Cameron Madill: And, you’ve mentioned that consumer cooperatives, which includes credit unions, and you also said that power cooperatives are often the weakest in their understanding of the cooperative principals, so those four types, consumer co-ops, producer co-ops, purchasing co-ops, and worker co-ops. Why is it that consumer cooperatives tend to be the least connected to the core cooperative principals?
Adam Schwartz: I would think even within the consumer, it depends on the type. With electric co-ops … basically, if you live in the service territory, that is the key determinant of who your power provider is. So, there’s not a whole lot of choice in that … at this point, I think, ’cause we’ve continued to see distributed generation, and there’s going to be more opportunities out there for people to have more choice, which is gonna make it even more important cooperatives to showcase the fact that they are owned by the members, as a way of keeping those members as loyal members to the co-op. And with credit unions, as well, I have found that many people will join credit union, maybe because their parents were members of the credit union, or based on location of the branches, that there’s a convenience, there’s not a lot of folks who are joining because it’s a cooperative. And then their [inaudible 00:09:03] is on us, is that we’re not doing a good enough job of talking about the strategic difference.

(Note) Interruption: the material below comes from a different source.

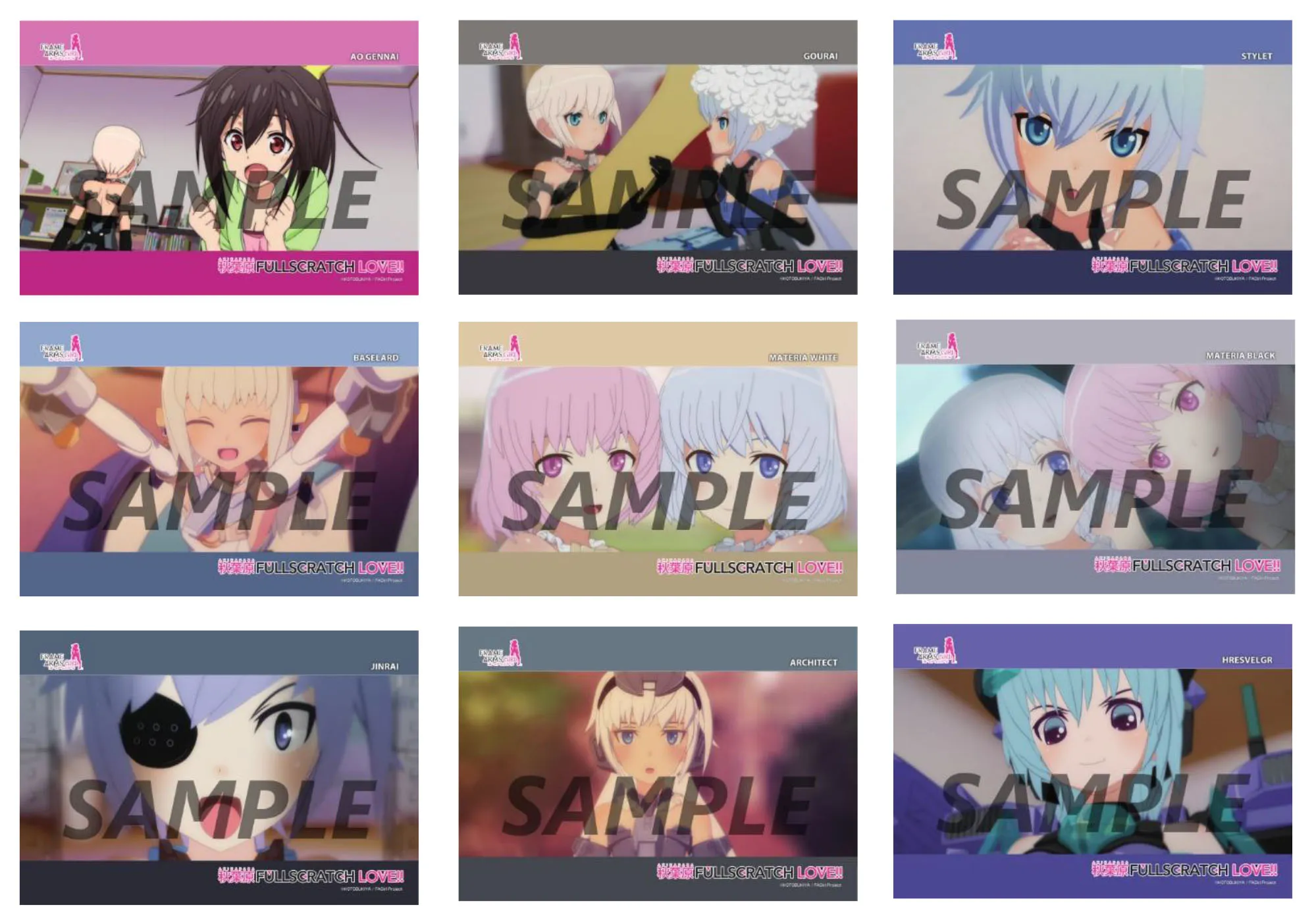 キャラクター:源内あお、FAガール(轟雷、スティレット、バーゼラルド、マテリア姉妹、迅雷、アーキテクト、フレズヴェルク)

Adam Schwartz: Now we did see some movement back during the financial crisis in 2008, with the move your money campaign. And it was a significant movement of people away from big banks into credit unions, it was great. And we need to continue that kind of effort. It shouldn’t be just when there’s a financial crisis. We know, based on the marketing of some very large companies that local sells, that is a big thing with a lot of folks, and I think we need to be touting that, and touting the fact that we have these seven co-op principals, and that people are eligible to have a real stake in the say of their financial institution.
Adam Schwartz: With food co-ops, I would say that many of the members of food co-ops do understand that they are a member of a co-op, and that is a consumer co-op, because they have to assertively pay, maybe 100, or 200 dollars to become a member. So, there’s probably a little bit more understanding there. But, even there, we still have a ways to go.
Cameron Madill: And one of the other cooperative principals is cooperation among cooperatives. I’d love to hear- I’ve heard a bunch of anecdotes from you in the past. What are some of the best examples of cooperatives working together?
Adam Schwartz: Well, I used to work for and organization called the Nation Cooperative Business Association, which is a membership association of all different types of co-ops, and there were credit unions that are members of that organization, including [inaudible 00:10:32]. There are AG co-op, and electrical co-ops, and housing co-ops are all part of, and it becomes a nice melting pot of all those different types of co-ops. And the real estate associations [inaudible 00:10:47] that do the same. I also work to create partnerships at a very local level, as well. And, one of the things that I have tried to make a marriage is between credit unions, and electric co-ops. And there’s one-
Adam Schwartz: Between credit unions and electric co-ops, and there’s one in Virginia between Prince George Electric and Fort Lee Credit Union where they now share a logo, two dogs working together to help their local community. The credit union can bring things like financial counseling and budgeting into the fold so that people will have a better understanding of how to manage their finances which is helpful if you’re a member of an electric call house so that you can pay your bill on time. So there’s business reasons for co-ops to come together as well as the reason of helping your local community and being good player. And really what it takes is just a willingness of people who exist within the co-ops, whether it’s the at the CEO level or at the board level, for people just to come together and look for ways to work together.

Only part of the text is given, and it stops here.